The voltage across R1 IS NOT 10 Volts. I don't know how much you know about electric circuits, but I suppose (considering your question) that it is (at least so far) very limited, so I'll try to explain things.

I think we can agree that there is a current going throug the circuit. This means, that there is moving electric charge. Now, let's take the battery as a starting point. The charge starts to flow, let's say in the direction towards R1. It goes through the resistor and then reaches a point, where the cable seperates. So, clearly, some of the charge will go into one wire, the other into the other wire. The amount of charge going through one of these two wires depends on the resistance it encounters (R2, R3). Finally, the charge reaches the battery.

To calculate this, you need to know some basics about circuits (idealised, as always).
First: The charge is conserved. That means that the current through the wire before it seperates is exactly the same as the one after the separation. In other words: what gets into the battery comes out.
Second: The battery is the source of the voltage, which drives this circuit (it is "pushing"). The potential difference=voltage created by the battery is consumed by the circuit. So when the charge reaches the battery after one "round" there is no "pressure" left and the battery has to push it again to keep up the voltage.

The relation between the resistance (R), the current (I) and the voltage (V) has been formulated by Ohm: V=R*I. This law works fine for your purposes.

Now let's have a look at the circuit again.

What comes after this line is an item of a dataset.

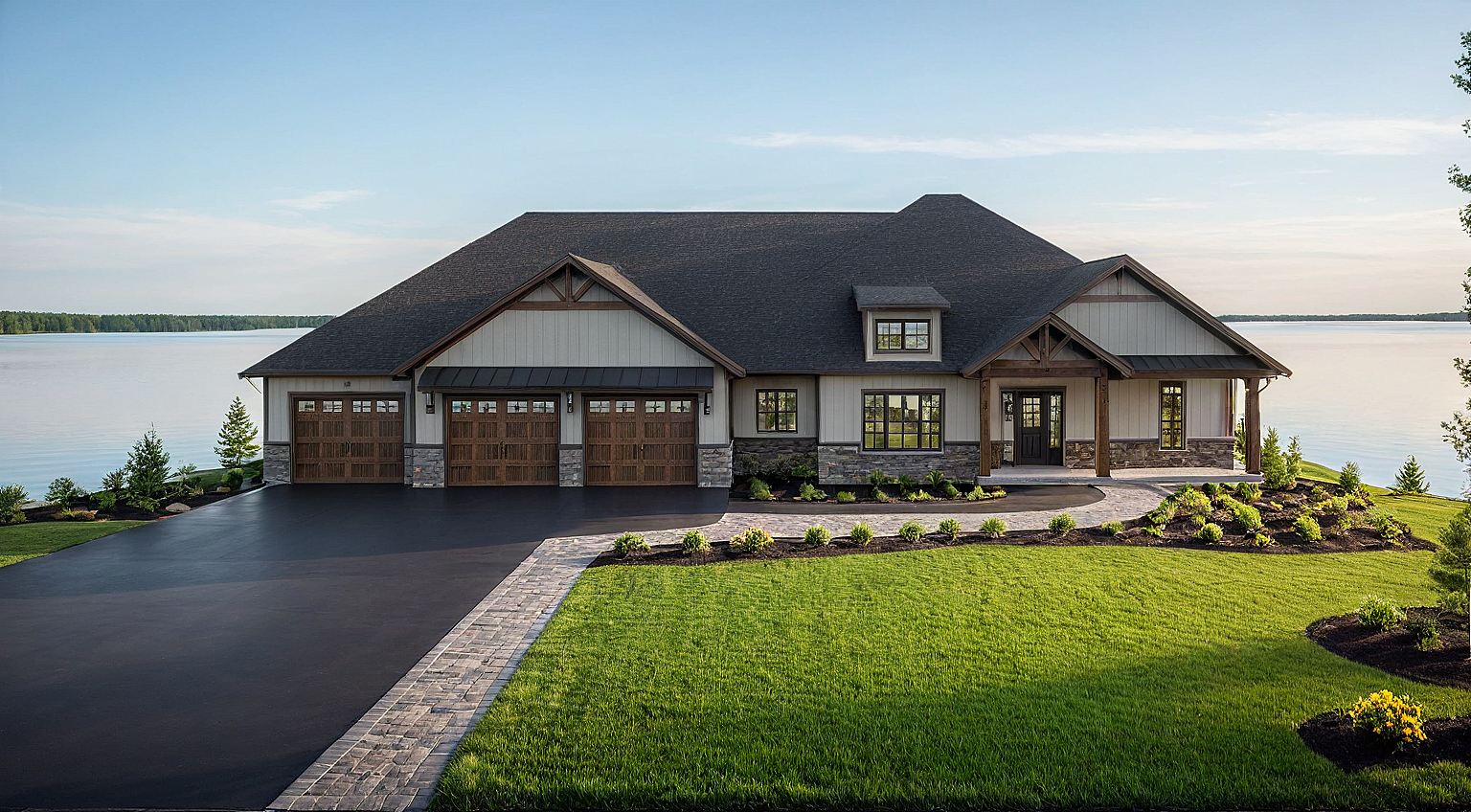 Promptadd greenery, landscaping, grass front yard and tress, flower beds, paved driveway to the left as shown, add a lake background off in the distance, only have garage door windows at the top, leave the covered porch alone far right
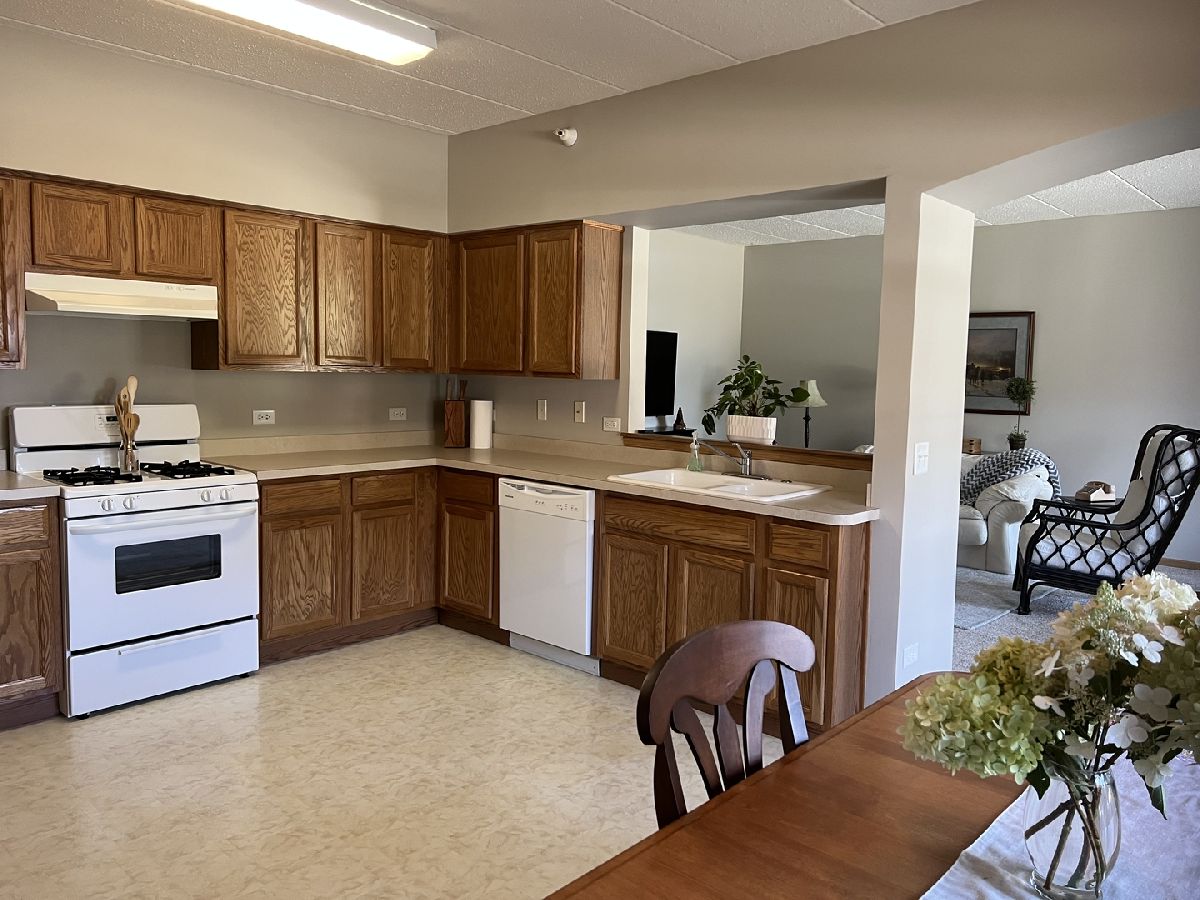 Highly sought after 1st Floor Condo is move-in ready. One level living in this immaculate 2 bed 2 bath flexicore unit with garage just steps from the back door. Sunny and light filled with plenty of windows and a private patio off the living room. Brand new carpet and neutral colors throughout. This unit shows like new construction, lightly used by seniors since it was built. Very generous kitchen with ample cabinets and counters. Sink overlooks the living room and lovely dining room adjoins the kitchen. Laundry room features full size washer and dryer Convenient rear entrance through the laundry room leads to one car garage. HWH new in 2021. Great location close to shopping, highways and walking/bike trails. Rentable unit. Quick close ok.

The resistor R1 has a given value R1=1000 Ohms, but we don't know the voltage or the current. Luckily, there's a simple way to calculate I.
Ohm's Law doesn't tell us immediately how to handle severeal resistances, so we need to construct a new circuit with only ONE resistor and a given voltage, the voltage of our battery. So we replace the resistors in your problem with just one resistor, which has the same total resistance (that's the important thing). We have to summarize the resistances in your problem.

The two most fundamental ways of having several resistors in one circuit are: serial or parallel. In your sketch resistors R2 and R3 are parallel (the current goes through them at the same time, whereby in series would mean that it goes through them in a row). The voltage across R2 and R3 is the same, as there is current coming with a certain pressure that pushes onto the two wires. One can see that the replacement resistor (Rr) for these two is given by: 1/Rr=1/R2+1/R3.

Now we have a circuit, with two resistors, R1 and Rr. These two are in series (one after the other). I earlier mentioned that the total voltage (Vtot) is consumed by the circuit, that means that Vtot= V1+Vrr, the sum of the voltages across the resistors. Applying Ohm's Law we find: Rtot*I=R1*I+Rr*I (remember that the current through the resistors is the same!). We divide by I and have: Rtot=R1+Rr.

We reached our goal: we have simplified the hole circuit to one with only one resistor. So we can calculate the current I (which is the same in both circuits), because we know the voltage (given by the battery) and the resistor (just calcuated). We are now able to go back to your problem circuit and start calculating the voltages. For example: The voltage V1 across R1 equals (Ohm's Law): V1=R1*I.

I suggest you do the rest on your own and post the results. Remember that the current splits up for passing R2 and R3. You could also derive what I just presented as a fact: that for parallel resistances the replacement resistor is given by the relation shown above.

You should also keep in mind that in the explanation i gave simplifications and assumptions have been made, most of all with Ohm's Law. As soon as your resistors start heating up for example, you really get into trouble...

Best regards...Cliowa

Ouabache
Homework Helper

I can think of 3 ways to solve this. (depending on your level of experience).

(a) as cliowa suggested: find the total resistance in your circuit by
mathematically combining all your resistors into one. Then using Ohm's
law you can find the current thru total resistance R_tot which will be
same as the current going through R1. From there using Kirchoff's Rules
(KCL & KVL), you can find the currents and voltages in the rest of your circuit

(b) Using Nodal equations you can solve for "voltage" on the far side of R1.
(which also happens to be the voltage across R3).
Then you can easily compute the currents through R1, R3 and R3.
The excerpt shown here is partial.